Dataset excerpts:
=== Section Start ===

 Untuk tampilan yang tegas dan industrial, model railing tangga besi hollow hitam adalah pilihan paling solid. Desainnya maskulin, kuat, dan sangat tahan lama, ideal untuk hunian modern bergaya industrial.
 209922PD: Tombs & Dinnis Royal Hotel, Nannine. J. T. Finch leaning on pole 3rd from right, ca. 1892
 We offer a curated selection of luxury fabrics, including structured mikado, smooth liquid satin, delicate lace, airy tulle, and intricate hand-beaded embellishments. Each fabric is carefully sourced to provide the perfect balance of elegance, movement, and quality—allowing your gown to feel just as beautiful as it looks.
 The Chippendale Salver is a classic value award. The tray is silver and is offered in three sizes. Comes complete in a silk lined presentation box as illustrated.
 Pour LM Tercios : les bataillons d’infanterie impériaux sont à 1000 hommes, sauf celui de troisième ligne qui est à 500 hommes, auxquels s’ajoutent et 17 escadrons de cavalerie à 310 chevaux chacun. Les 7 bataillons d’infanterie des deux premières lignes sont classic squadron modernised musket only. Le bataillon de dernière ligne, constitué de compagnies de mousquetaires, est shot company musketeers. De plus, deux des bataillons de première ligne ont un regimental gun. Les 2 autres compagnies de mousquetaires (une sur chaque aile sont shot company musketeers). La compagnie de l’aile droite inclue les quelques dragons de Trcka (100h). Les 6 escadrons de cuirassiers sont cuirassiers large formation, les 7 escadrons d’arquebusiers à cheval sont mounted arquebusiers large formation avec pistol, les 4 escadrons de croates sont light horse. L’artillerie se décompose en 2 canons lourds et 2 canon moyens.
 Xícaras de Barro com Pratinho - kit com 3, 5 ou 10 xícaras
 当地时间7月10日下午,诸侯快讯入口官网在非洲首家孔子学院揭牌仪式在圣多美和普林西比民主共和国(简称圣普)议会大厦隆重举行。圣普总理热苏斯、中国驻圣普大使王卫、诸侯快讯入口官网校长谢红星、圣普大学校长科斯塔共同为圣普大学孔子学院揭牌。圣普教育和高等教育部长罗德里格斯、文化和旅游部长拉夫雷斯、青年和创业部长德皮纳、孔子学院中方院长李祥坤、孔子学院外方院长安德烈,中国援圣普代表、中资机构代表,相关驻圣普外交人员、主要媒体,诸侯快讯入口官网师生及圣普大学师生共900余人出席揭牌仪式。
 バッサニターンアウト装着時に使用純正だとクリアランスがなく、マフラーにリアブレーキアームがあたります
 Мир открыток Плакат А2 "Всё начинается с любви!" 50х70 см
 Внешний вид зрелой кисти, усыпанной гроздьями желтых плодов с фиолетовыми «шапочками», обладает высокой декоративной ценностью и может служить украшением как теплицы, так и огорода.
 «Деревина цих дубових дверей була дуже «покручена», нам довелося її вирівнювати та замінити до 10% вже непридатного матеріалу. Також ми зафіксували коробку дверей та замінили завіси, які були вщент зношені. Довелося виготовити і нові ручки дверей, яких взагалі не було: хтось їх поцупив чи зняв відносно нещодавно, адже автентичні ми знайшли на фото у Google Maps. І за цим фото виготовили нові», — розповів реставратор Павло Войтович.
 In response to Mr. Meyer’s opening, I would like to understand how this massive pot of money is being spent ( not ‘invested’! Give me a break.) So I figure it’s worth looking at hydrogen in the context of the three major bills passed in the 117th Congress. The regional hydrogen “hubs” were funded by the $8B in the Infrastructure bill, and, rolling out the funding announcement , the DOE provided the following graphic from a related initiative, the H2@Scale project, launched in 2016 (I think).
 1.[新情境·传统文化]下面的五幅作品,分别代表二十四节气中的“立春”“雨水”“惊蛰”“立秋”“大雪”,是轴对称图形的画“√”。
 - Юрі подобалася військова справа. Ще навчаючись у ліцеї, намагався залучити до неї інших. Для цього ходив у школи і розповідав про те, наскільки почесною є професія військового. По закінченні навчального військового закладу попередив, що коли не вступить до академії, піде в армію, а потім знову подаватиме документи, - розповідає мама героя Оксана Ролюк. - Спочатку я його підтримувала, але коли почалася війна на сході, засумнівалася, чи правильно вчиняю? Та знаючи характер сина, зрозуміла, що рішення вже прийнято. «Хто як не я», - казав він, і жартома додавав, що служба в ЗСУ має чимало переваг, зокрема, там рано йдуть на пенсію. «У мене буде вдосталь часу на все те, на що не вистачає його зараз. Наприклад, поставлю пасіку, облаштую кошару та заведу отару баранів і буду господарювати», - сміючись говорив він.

=== Section End ===

● The task:
Scan the entries above for the line containing "In response to", and copy it and all lines after it exactly, down to and including the line containing "1.[新情境·传统文化]下面".

● Solution:
 In response to Mr. Meyer’s opening, I would like to understand how this massive pot of money is being spent ( not ‘invested’! Give me a break.) So I figure it’s worth looking at hydrogen in the context of the three major bills passed in the 117th Congress. The regional hydrogen “hubs” were funded by the $8B in the Infrastructure bill, and, rolling out the funding announcement , the DOE provided the following graphic from a related initiative, the H2@Scale project, launched in 2016 (I think).
 1.[新情境·传统文化]下面的五幅作品,分别代表二十四节气中的“立春”“雨水”“惊蛰”“立秋”“大雪”,是轴对称图形的画“√”。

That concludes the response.